We aren't quite done yet, because we also need to tell hostapd where to look for the config file when it starts up on boot. Open up the default configuration file with sudo
nano /etc/default/hostapd and find the line #DAEMON_CONF="" and
replace it with DAEMON_CONF="/etc/hostapd/hostapd.conf".
CONFIGURE DNSMASQ
The shipped dnsmasq config
file contains a wealth of information on how to use it, but the majority of it is largely redundant for our purposes. I'd advise moving it (rather than deleting it), and creating a new one with
sudo mv /etc/dnsmasq.conf /etc/dnsmasq.conf.orig
sudo nano /etc/dnsmasq.conf
Paste the following into the new file:
interface=wlan0 # Use interface wlan0
listen-address=172.24.1.1 # Explicitly specify the address to listen on
bind-interfaces # Bind to the interface to make sure we aren't sending things elsewhere
server=8.8.8.8 # Forward DNS requests to Google DNS
domain-needed # Don't forward short names
bogus-priv # Never forward addresses in the non-routed address spaces.
dhcp-range=172.24.1.50,172.24.1.150,12h # Assign IP addresses between 172.24.1.50 and 172.24.1.150 with a 12 hour lease time
SET UP IPV4 FORWARDING
One of the last things that we need to do before we send traffic anywhere is to enable packet forwarding.
To do this, open up the sysctl.conf file
with sudo nano /etc/sysctl.conf, and remove the # from
the beginning of the line containing net.ipv4.ip_forward=1. This will
enable it on the next reboot, but because we are impatient, activate it immediately with : sudo sh -c "echo 1 > /proc/sys/net/ipv4/ip_forward"
We also need to share our Pi's internet connection to our devices connected over WiFi by the configuring a NAT between our wlan0 interface
and our eth0interface.

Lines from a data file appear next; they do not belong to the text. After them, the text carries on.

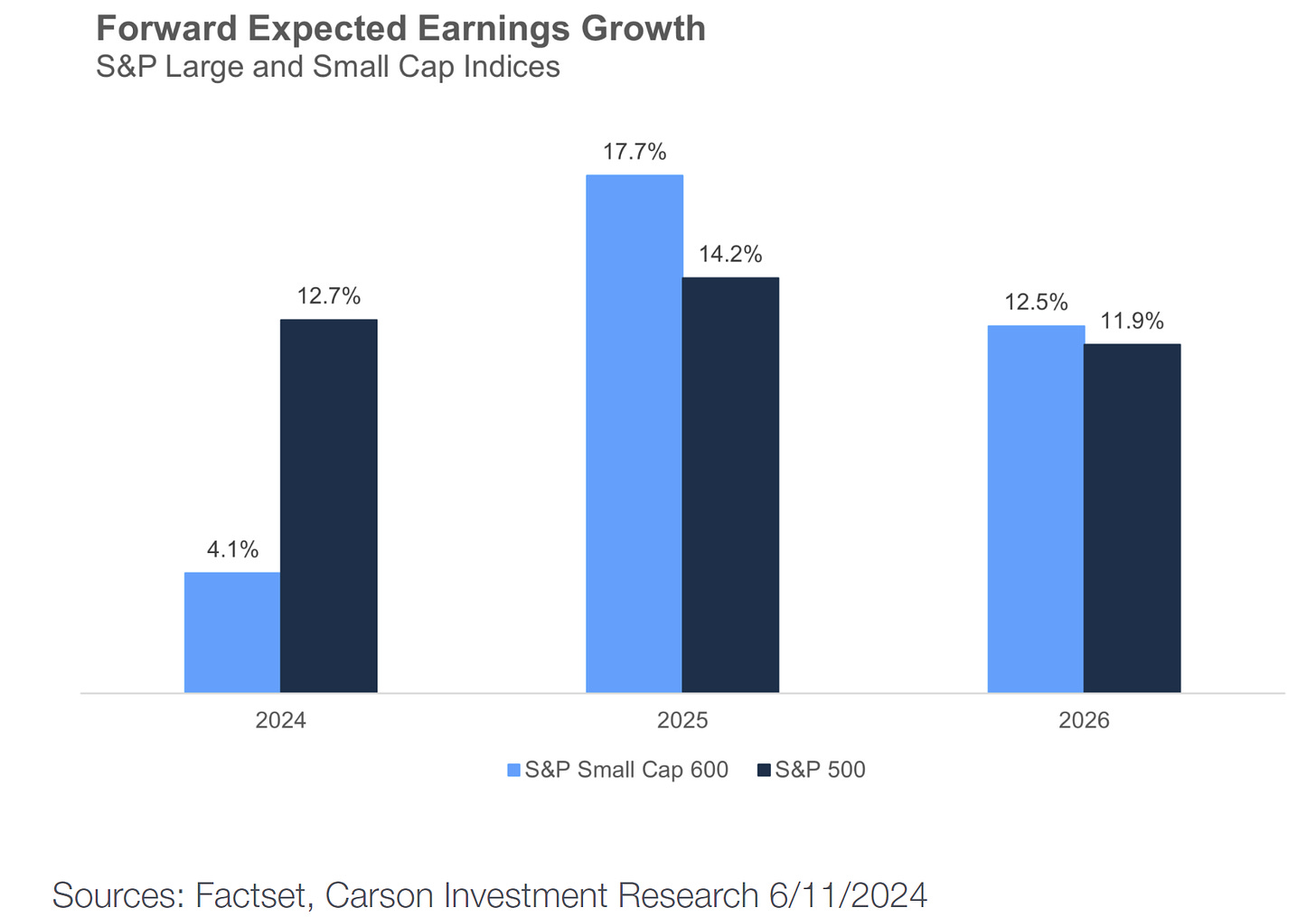 7. Earning it: If small caps are to sustainably outperform vs large caps there’s going to need to be a shift in earnings performance — and that happens to be exactly what analysts are anticipating. While in 2024 large caps are set to significantly outperform small caps on earnings, small caps are set to outperform large in 2025-26 according to analyst consensus estimates…
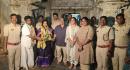 ముసుగు ధరించిన ఒక వ్యక్తిని ఇద్దరు వ్యక్తులు ఎస్కార్ట్ చేస్తూ తీసుకెళ్తుండగా
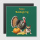 Unsere hübschen französischen Bulldoggen wünschen einen fröhlichen Thanksgiving Tag. Bulldogge mit einem großen Truthahn und Kürbis.
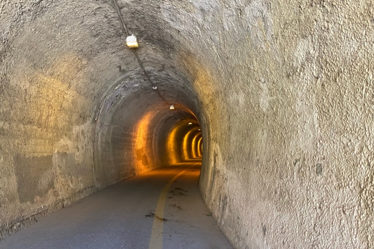 Ich bin gespannt, was uns auf der 6,0325-km-Runde so erwartet. Und natürlich auf die Verteilung der Höhenmeter. Es geht erst mal steil bergab, um die Seilbahnstation herum, die nach San Marino hinauf führt. Nach zwei Spitzkehren befinden wir uns in einem Eisenbahntunnel. Die Schmalspurbahn verband bis 1944 den Bahnhof Rimini mit San Marino. Im Krieg flüchtete man hier vor den Bomben in die Tunnel, einige Fotos erinnern daran. Obwohl San Marino neutral war und die Grenze mit großen weißen X markiert hatte, wurde es aufgrund eines Missverständnisses von den Briten bombardiert. Danach waren Teile der Bahnanlagen zerstört und die Bahn wurde auch nie mehr aufgebaut. Man liest, dass eine Reaktivierung im Gespräch ist. Für Touristen sicher eine wunderschöne Sache. Und Pendler könnten sich die vielen Ampeln sparen.
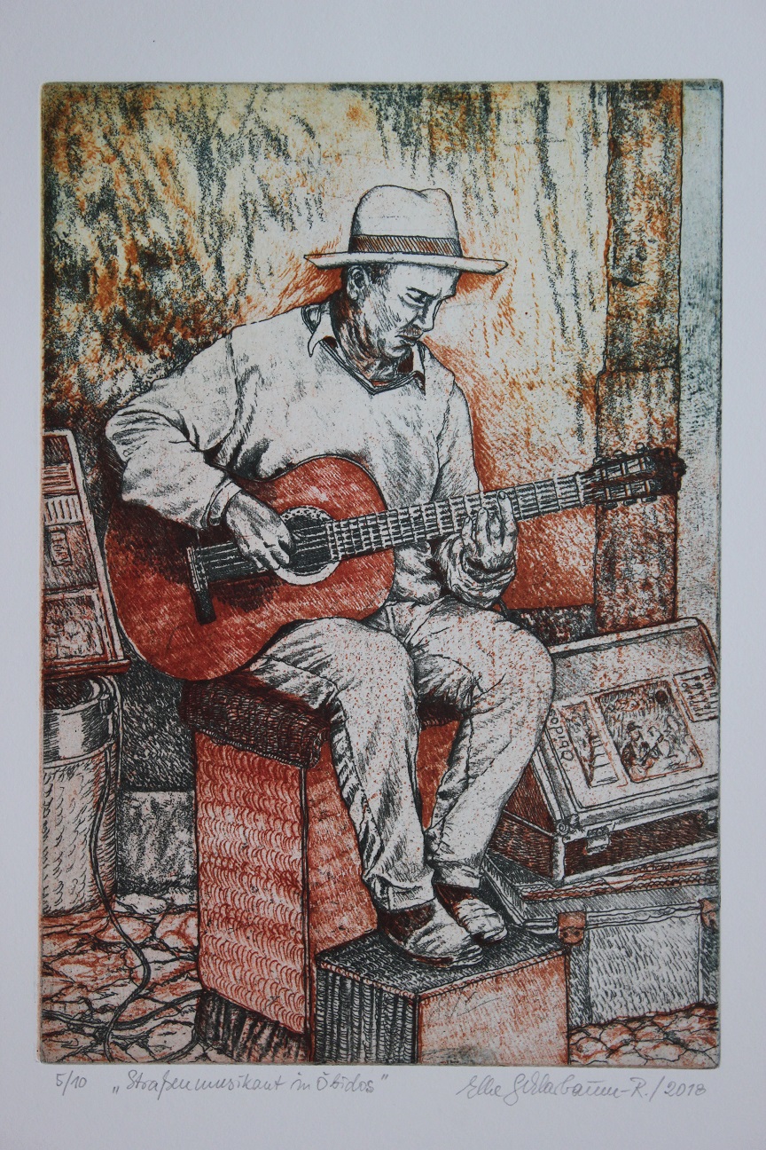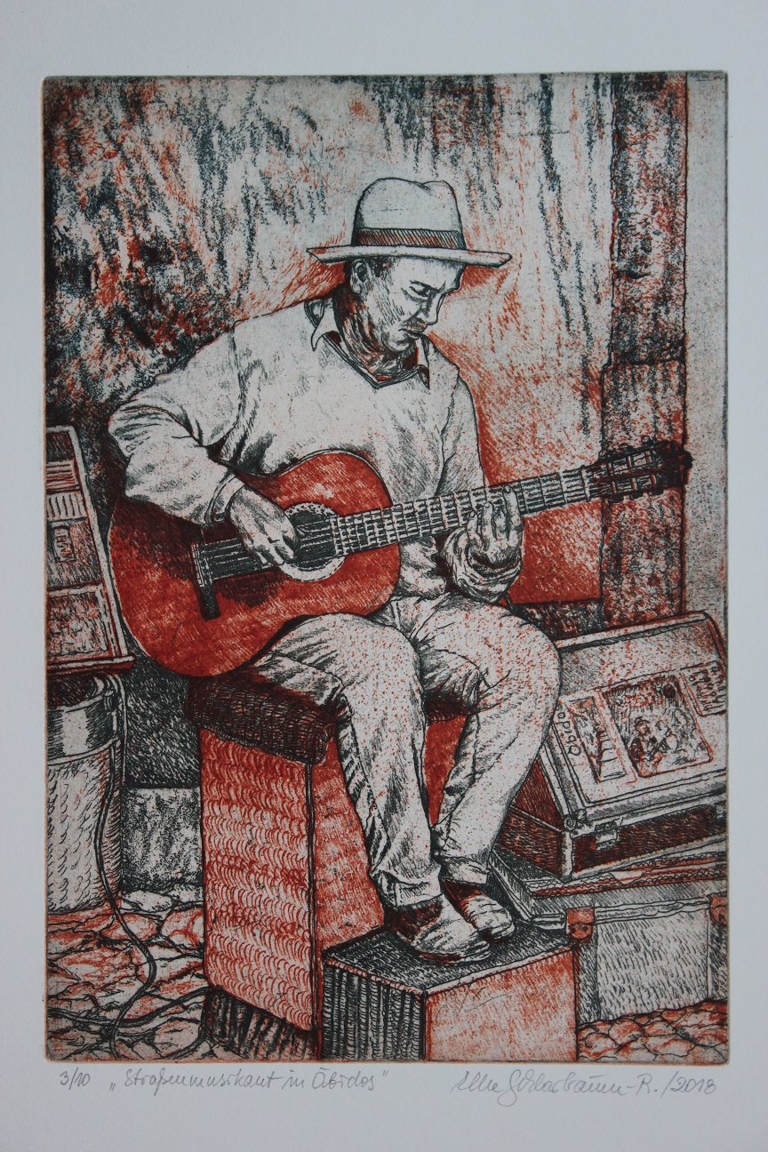 Elke Schlarbaum-Riede / Farbradierungen zur Serie: Straßenmusikanten
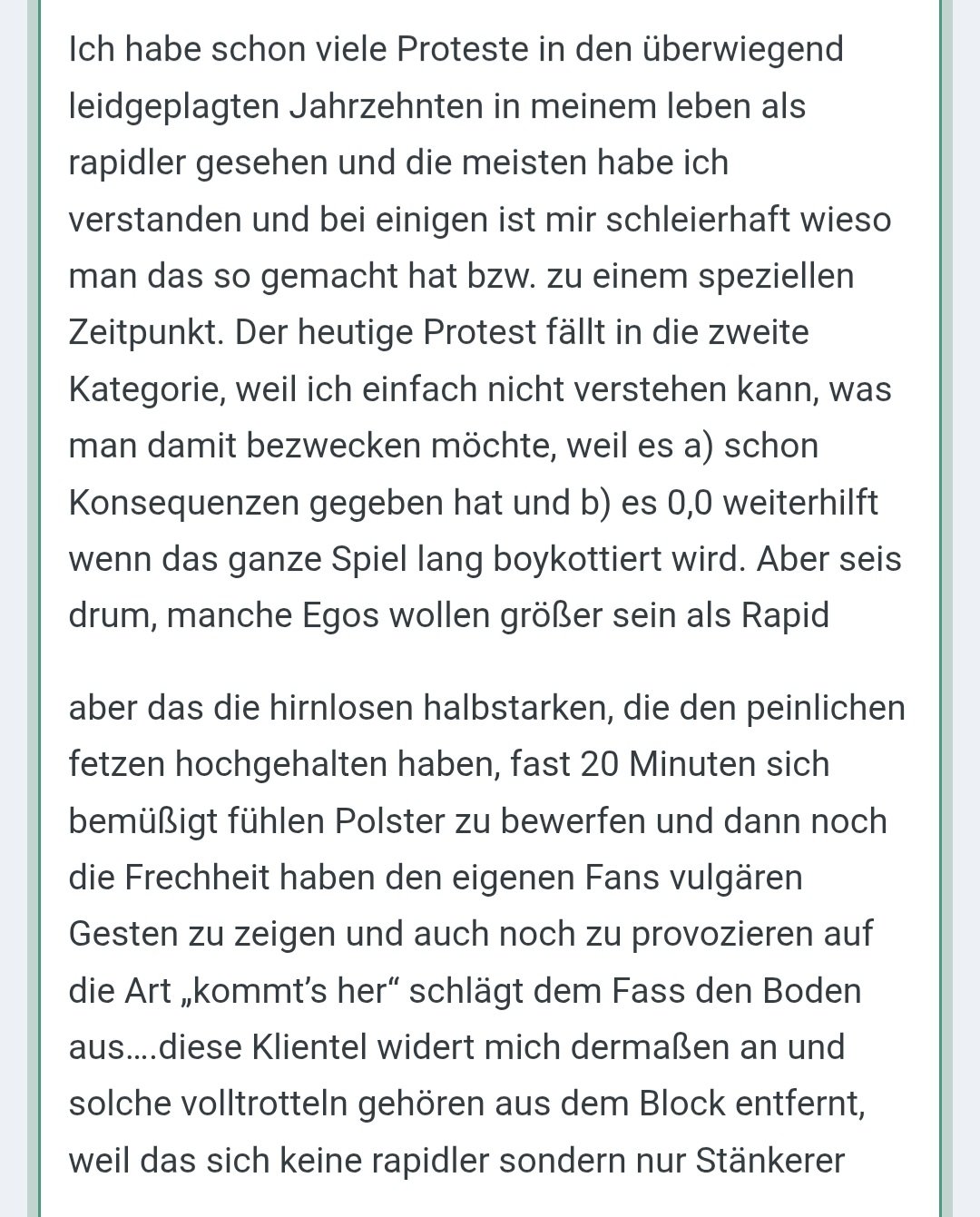 Decay26 Postinho Geschrieben vor 1 Stunde Altes Landgut schrieb vor 2 Stunden: Zum Glück hat Rapid nie versagt beim Ordnerdienst bei den unzähligen Platzstürmen, die es dort schon gab ... da lag es dann immer daran, dass wir provoziert haben. Was für ein ... Das lustigste daran ist ja, dass die die am Platzsturm beteiligt waren alle Akkredetierungen hatten. Deswegen durften sie rechtlich auf den Platz. Aber man kann diese Leute dann nicht ausforschen die mitten am Rasen stehen und andere Leute verprügeln? Welcome to Vorstadt Wien 1 Zitieren Diesen Beitrag teilen Link zum Beitrag Auf anderen Seiten teilen More sharing options...
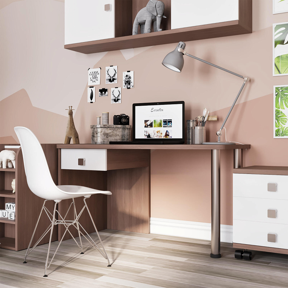 Эргономичная столешница. Просторная столешница закругленной формы позволяет поставить ноутбук, настольную лампу и разложить необходимые для учебы и творчества материалы.
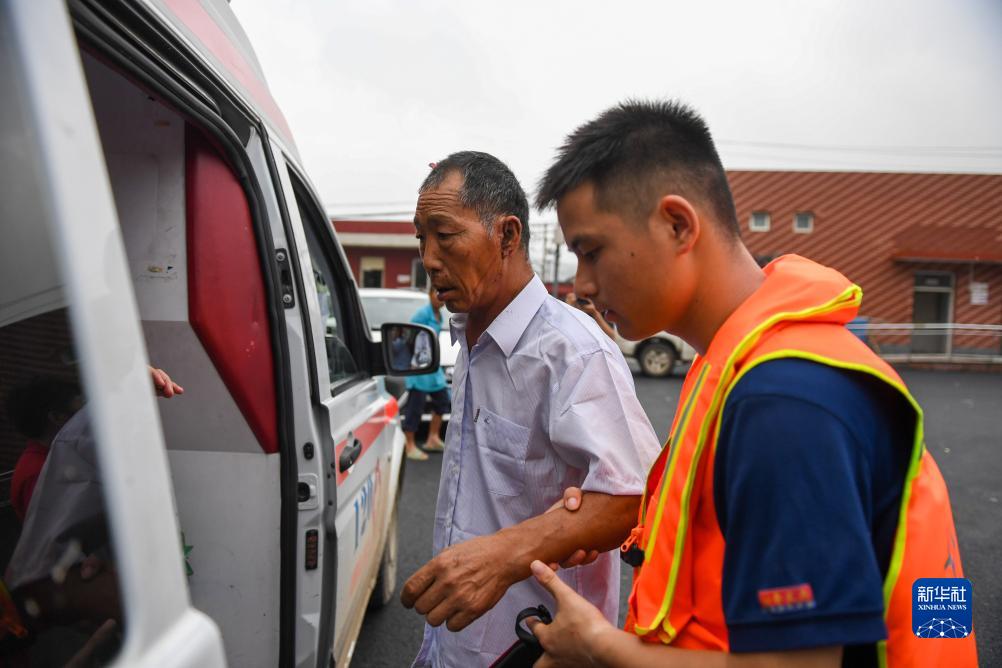 8月1日,在北京市門頭溝區妙峰山鎮妙峰山民族學校臨時安置點,門頭溝區消防救援支隊的消防員攙扶一名傷者登上救護車。
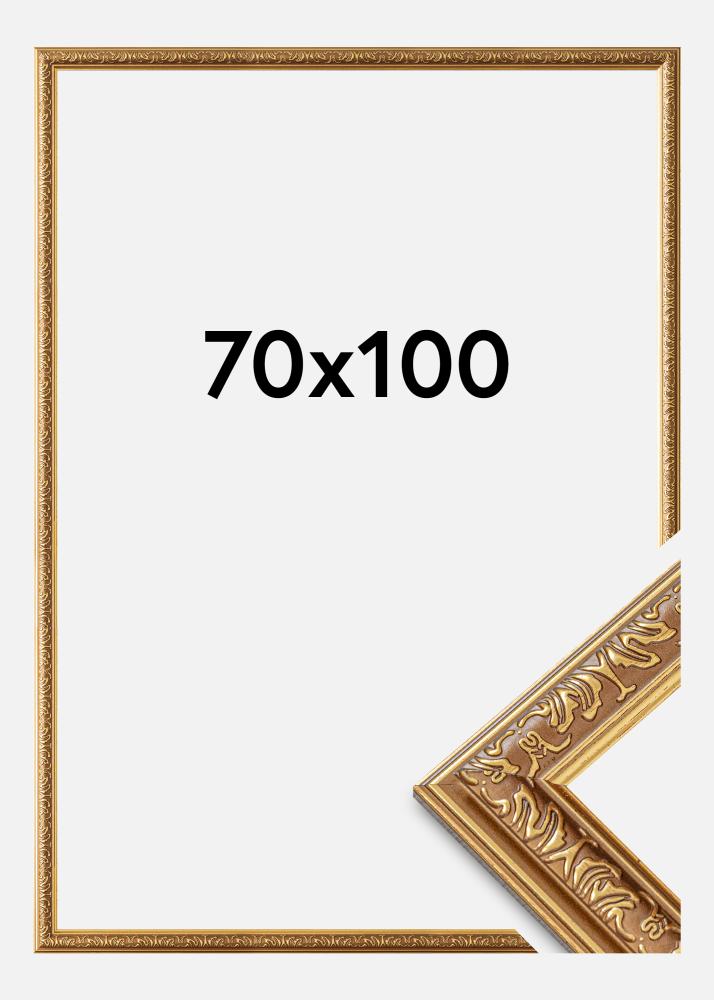 Ce cadre photo de taille 70x100 cm est une parfaite combinaison de design classique et de fonctionnalité moderne. Avec sa finition dorée luxueuse et ses détails décoratifs et ornés, il apporte une touche sophistiquée à vos œuvres d'art ou photographies. Les motifs complexes le long du bord intérieur du cadre créent une sensation traditionnelle et intemporelle, ce qui le rend idéal pour les styles d'intérieur à la fois classiques et élégants.
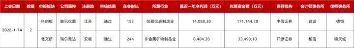 据交易所官网审核动态信息,1月14日,2家IPO企业上会获审核通过。 | | | | 上会日期 数量 申报板块 公司简称 注册地 审核结果 在金时长 | | | 保存机构 会计师事务所 律师事务所 | | | | --- | --- | --- | --- | --- | --- | --- | --- | --- | | 2026-1-14 2 | 科创板 联讯仪器 江苏 | 通过 | 52 3 仪器仪表制造业 | 14,088,30 | 171,144.28 | 中信证券 | 居酒 | 领悟 | | | 北交所 瑞尔竞达 安徽 | 通过 | 244 非金属矿物制品业 | 8,484.38 | 33,498.10 | 开源证券 | 和值 | 辖天城 | 其中,苏州联讯仪器股份有限公司(简称:联讯仪器)为2026年科创板首家上会企业。过会前完成两轮 审核问询答复,主要聚焦公司技术先进性、核心竞争力,是否掌握关键核心技术等问题;此外,公司募 投项目必要性被连续问询。 更新后的招股书显示,联讯仪器在完成第二轮问询答复前调整了部分募投项目并取消"补充流动资金"项 目,拟募资总额从19.54亿元降至17.11亿元。 ...

We can do this using the following commands:
sudo iptables -t nat -A POSTROUTING -o eth0 -j MASQUERADE
sudo iptables -A FORWARD -i eth0 -o wlan0 -m state --state RELATED,ESTABLISHED -j ACCEPT
sudo iptables -A FORWARD -i wlan0 -o eth0 -j ACCEPT
However, we need these rules to be applied every time we reboot the Pi, so runsudo
sh -c "iptables-save > /etc/iptables.ipv4.nat" to save the rules to the file /etc/iptables.ipv4.nat.
Now we need to run this after each reboot, so open the rc.local file
with sudo nano /etc/rc.local and just above the line exit
0, add the following line:
iptables-restore < /etc/iptables.ipv4.nat
WE'RE ALMOST THERE!
Now we just need to start our services:
sudo service hostapd start
sudo service dnsmasq start
And that's it! You should now be able to connect to the internet through your Pi, via the on-board WiFi!
To double check we have got everything configured correctly, reboot with sudo
reboot.
EDIT: Thanks to Justin for helping iron out some of the errors in this post!
EDIT2: Thanks to Ashok for several performance related enhancements!
EDIT3: Thanks to Lasse for some amendments to the dnsmasq configuration!
EDIT4: Fixed race condition between dhcpcd and dnsmasq, wlan0 is no longer configured by dhcpcd.